The Reddit activity network contains a graph attribute type (set to “reddit”). The node attributes are: name (string showing position of the comment in the thread), date (date when the comment was authored, in DD-MM-YY format), subreddit (the subreddit from which the post is collected), user (Reddit handle or screen name of the user who authored the comment or post), node_type (‘comment’ or ‘thread’), title (NA for all nodes except that representing the original post), label (a concatenation of name and user). Because we used AddText() in the above example, there is also a node attribute vosonTxt_comment which is the text from the comment, or original post. The edge attributes is edge_type which is ‘comment’ for all edges.

The example Reddit activity network contains 768 nodes and 767 edges. The following is a visualisation of the network, where the post is indicated by a red node, and blue indicates those comments that include the words “arson” or “starting fires”.

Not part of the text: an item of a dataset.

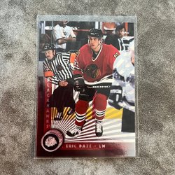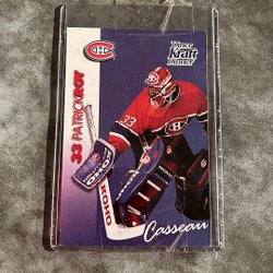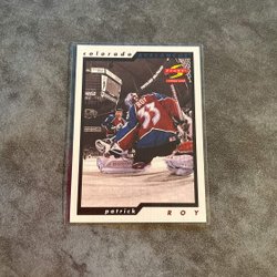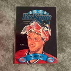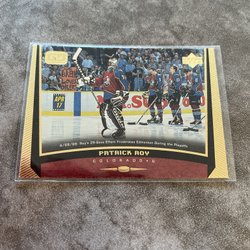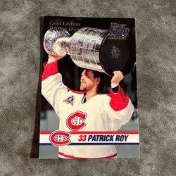 Samlarobjekt med Patrick Roy tema. Innehåller information om hans karriär och hockeykort.
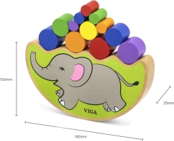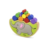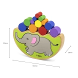 Táto chytrá balančná hra so slonom prináša napätie aj radosť do každého kola. Deti podľa hodu kockou pracujú s farebnými valčekmi a učia sa rovnováhe, rozpoznávaniu farieb a súladu pohybov. Hra je vyrobená z hladko opracovaného dreva s pestrými, bezpečnými farbami.

V(activityGraph)$color <- "grey"
V(activityGraph)$color[which(V(activityGraph)$node_type=="thread")] <- "red"
ind <- grep("arson|starting fires",tolower(V(activityGraph)$vosonTxt_comment))
V(activityGraph)$color[ind] <- "blue"
png("reddit_activity.png", width=600, height=600)
plot(activityGraph, vertex.label="", vertex.size=4, edge.arrow.size=0.5)
dev.off()

Reddit activity network (red node is intial post, blue nodes are comments mentioning arson)

Merging Collected Data

Data that was collected at different times, used different collect parameters or was saved to multiple files can be merged by using functions that operate on dataframes. The data from Collect is output in tibble (dataframe) format and provided each collected data set are from the same social media type can be combined using the rbind function.

In the examples below or cases that involve large datasets, it can sometimes be more efficient or timely to substitute optimized functions such as dplyr::bind_rows for rbind or data.table::rbindlist instead of do.call("rbind", list).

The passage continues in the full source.